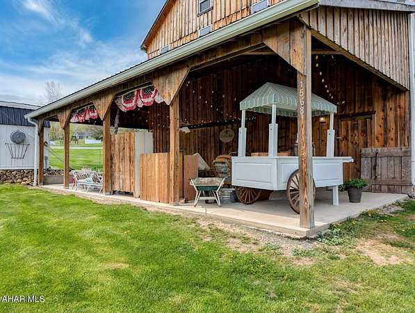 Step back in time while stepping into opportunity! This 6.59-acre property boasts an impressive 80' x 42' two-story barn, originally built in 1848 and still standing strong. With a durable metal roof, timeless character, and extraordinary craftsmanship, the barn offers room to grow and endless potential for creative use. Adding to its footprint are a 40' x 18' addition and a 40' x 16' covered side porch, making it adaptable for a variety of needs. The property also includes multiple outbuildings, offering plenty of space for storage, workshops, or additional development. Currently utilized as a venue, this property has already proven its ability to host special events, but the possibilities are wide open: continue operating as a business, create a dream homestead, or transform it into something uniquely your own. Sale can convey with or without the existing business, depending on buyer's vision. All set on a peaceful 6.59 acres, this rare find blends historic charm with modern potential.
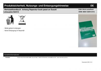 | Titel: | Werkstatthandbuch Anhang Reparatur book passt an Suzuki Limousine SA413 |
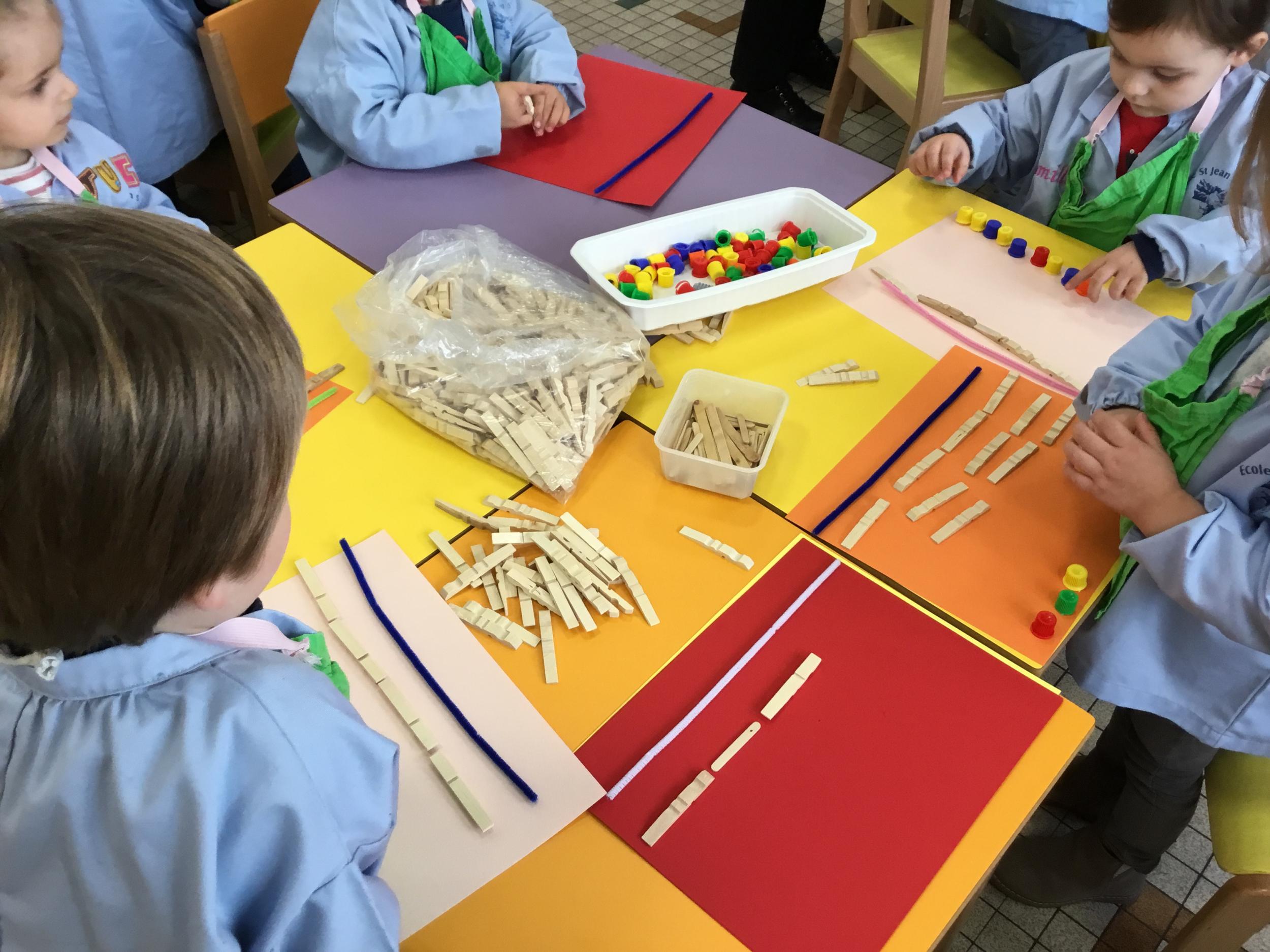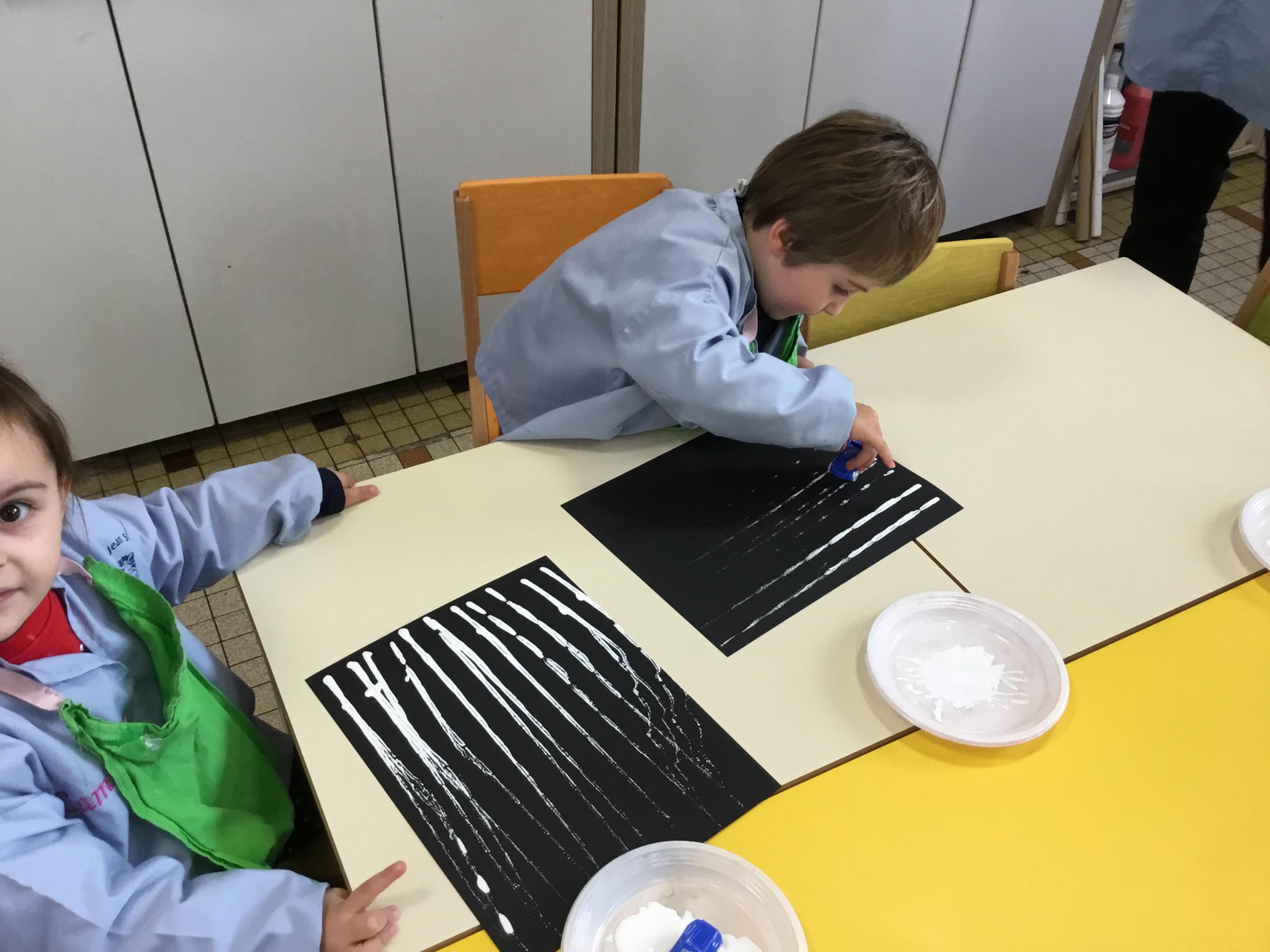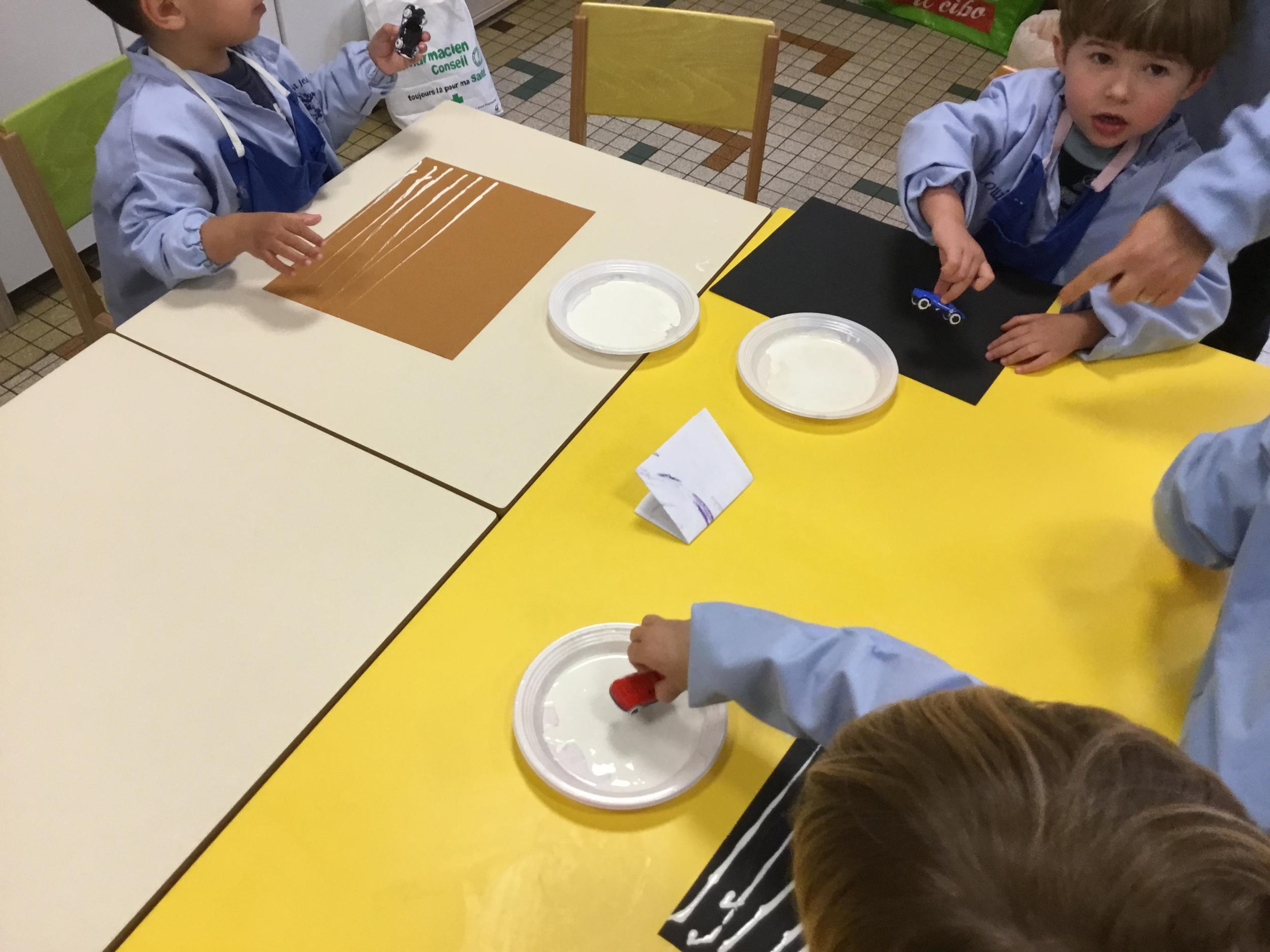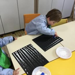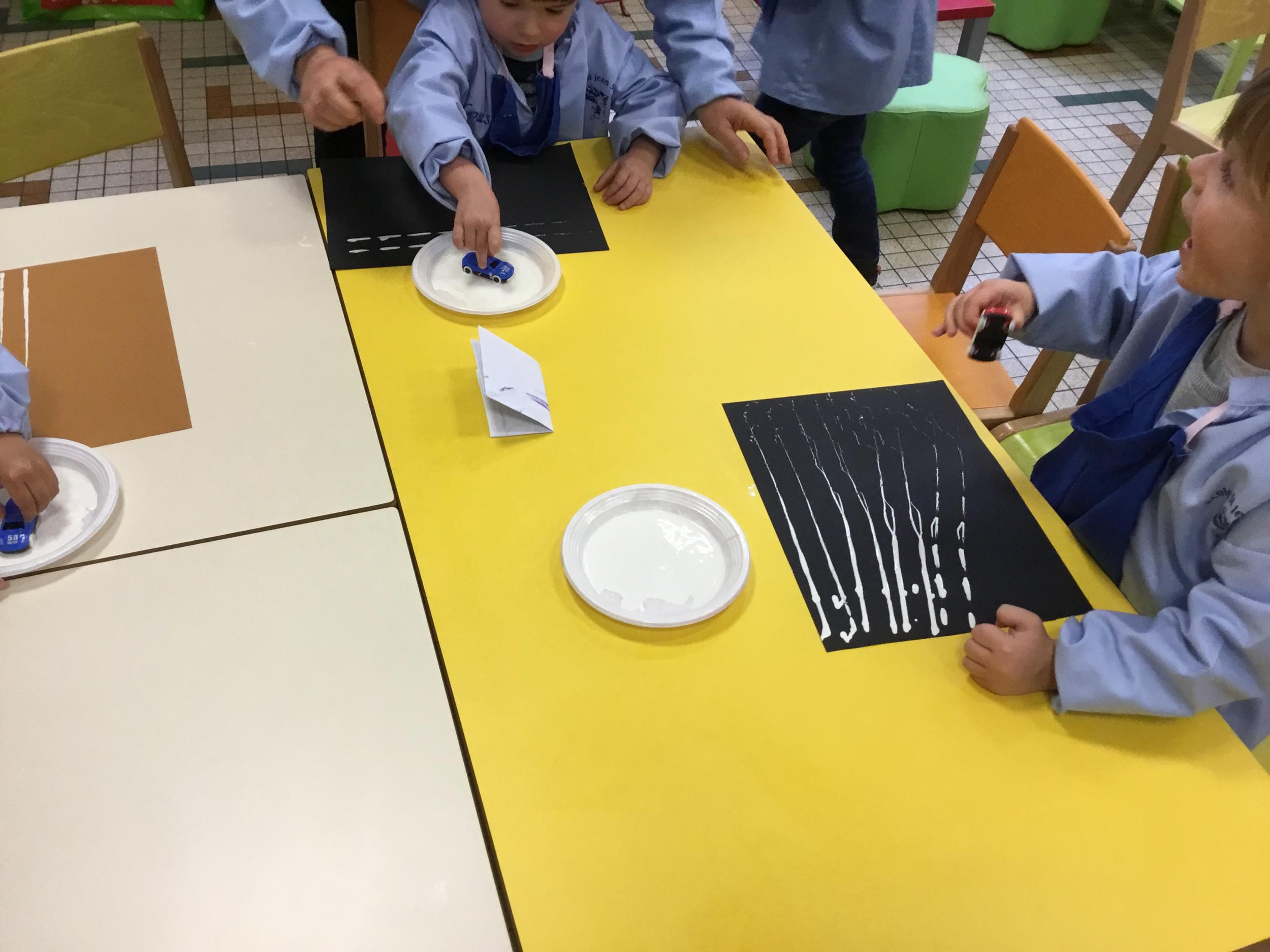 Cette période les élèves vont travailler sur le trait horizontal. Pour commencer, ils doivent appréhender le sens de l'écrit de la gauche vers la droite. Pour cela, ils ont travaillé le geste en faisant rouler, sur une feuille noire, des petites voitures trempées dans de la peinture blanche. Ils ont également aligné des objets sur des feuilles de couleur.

====

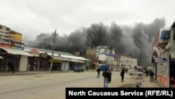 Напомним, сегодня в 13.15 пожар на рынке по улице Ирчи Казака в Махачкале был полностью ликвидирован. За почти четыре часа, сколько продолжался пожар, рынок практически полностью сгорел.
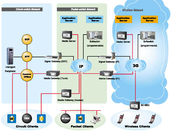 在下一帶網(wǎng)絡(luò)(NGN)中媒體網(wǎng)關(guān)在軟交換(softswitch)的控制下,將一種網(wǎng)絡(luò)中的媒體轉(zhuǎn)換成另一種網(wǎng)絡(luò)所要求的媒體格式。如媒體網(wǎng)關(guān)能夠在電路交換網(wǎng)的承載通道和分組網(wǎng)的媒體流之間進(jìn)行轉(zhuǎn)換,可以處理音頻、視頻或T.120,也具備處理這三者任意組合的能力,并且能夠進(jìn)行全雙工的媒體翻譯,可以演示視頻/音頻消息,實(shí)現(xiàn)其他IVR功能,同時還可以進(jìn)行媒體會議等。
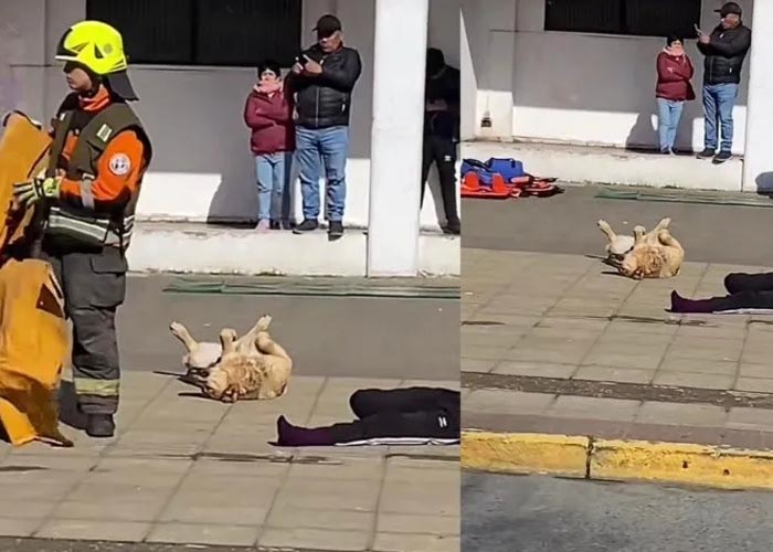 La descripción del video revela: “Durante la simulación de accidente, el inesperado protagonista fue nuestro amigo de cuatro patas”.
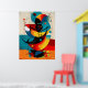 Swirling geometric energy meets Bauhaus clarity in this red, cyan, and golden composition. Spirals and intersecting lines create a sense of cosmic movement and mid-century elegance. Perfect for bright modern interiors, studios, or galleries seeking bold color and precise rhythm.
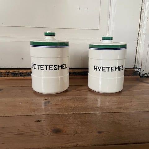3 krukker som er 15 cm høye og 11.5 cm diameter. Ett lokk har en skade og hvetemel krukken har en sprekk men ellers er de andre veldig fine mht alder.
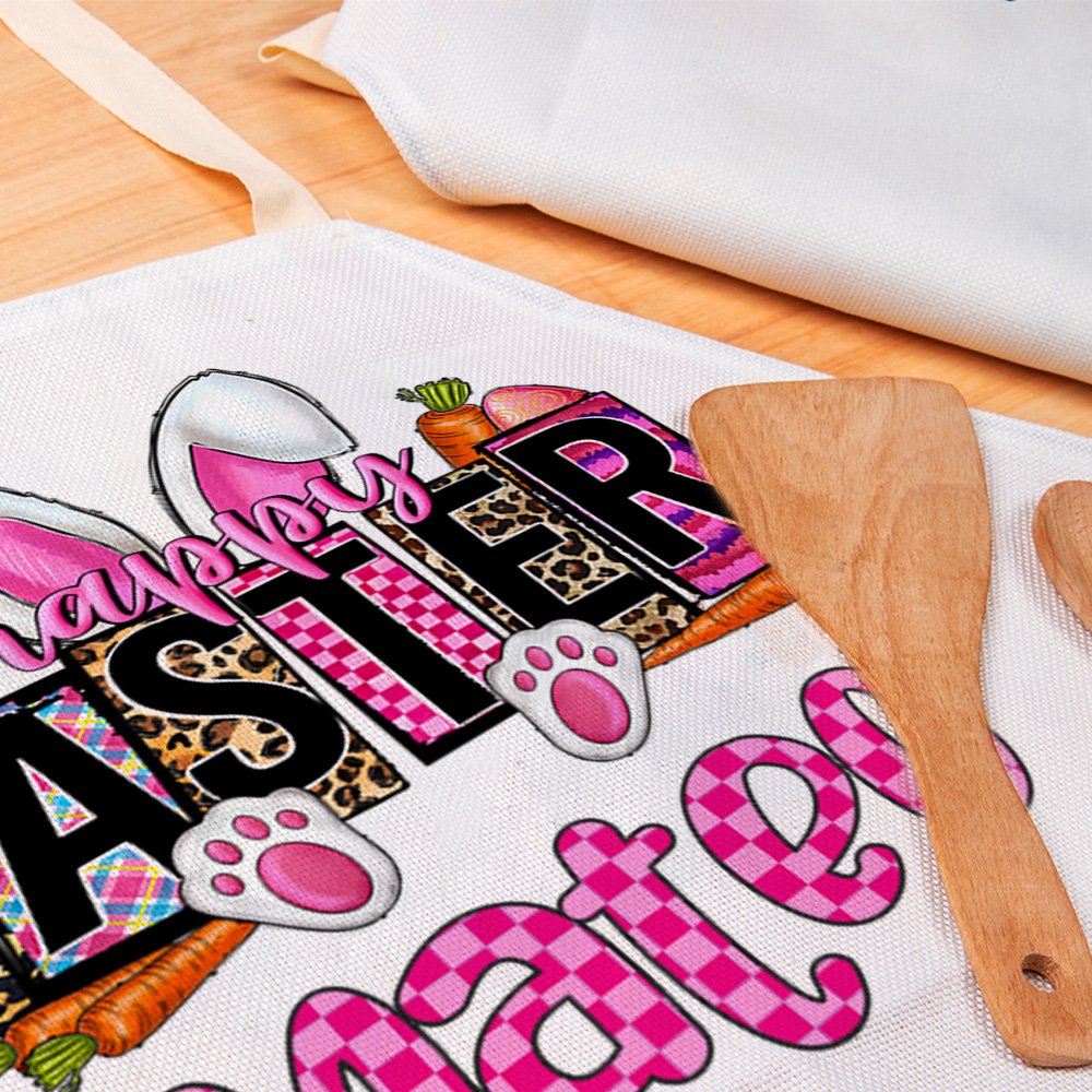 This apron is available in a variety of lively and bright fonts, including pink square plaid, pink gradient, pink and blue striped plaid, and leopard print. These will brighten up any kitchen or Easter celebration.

====

» **PROBLEM DETAILS**:
Go down the entries above from the line containing "La descripción del" to the line containing "3 krukker som" and write out each line exactly, leaving pictures out.

» **ANSWER AREA**:
 La descripción del video revela: “Durante la simulación de accidente, el inesperado protagonista fue nuestro amigo de cuatro patas”.
 Swirling geometric energy meets Bauhaus clarity in this red, cyan, and golden composition. Spirals and intersecting lines create a sense of cosmic movement and mid-century elegance. Perfect for bright modern interiors, studios, or galleries seeking bold color and precise rhythm.
3 krukker som er 15 cm høye og 11.5 cm diameter. Ett lokk har en skade og hvetemel krukken har en sprekk men ellers er de andre veldig fine mht alder.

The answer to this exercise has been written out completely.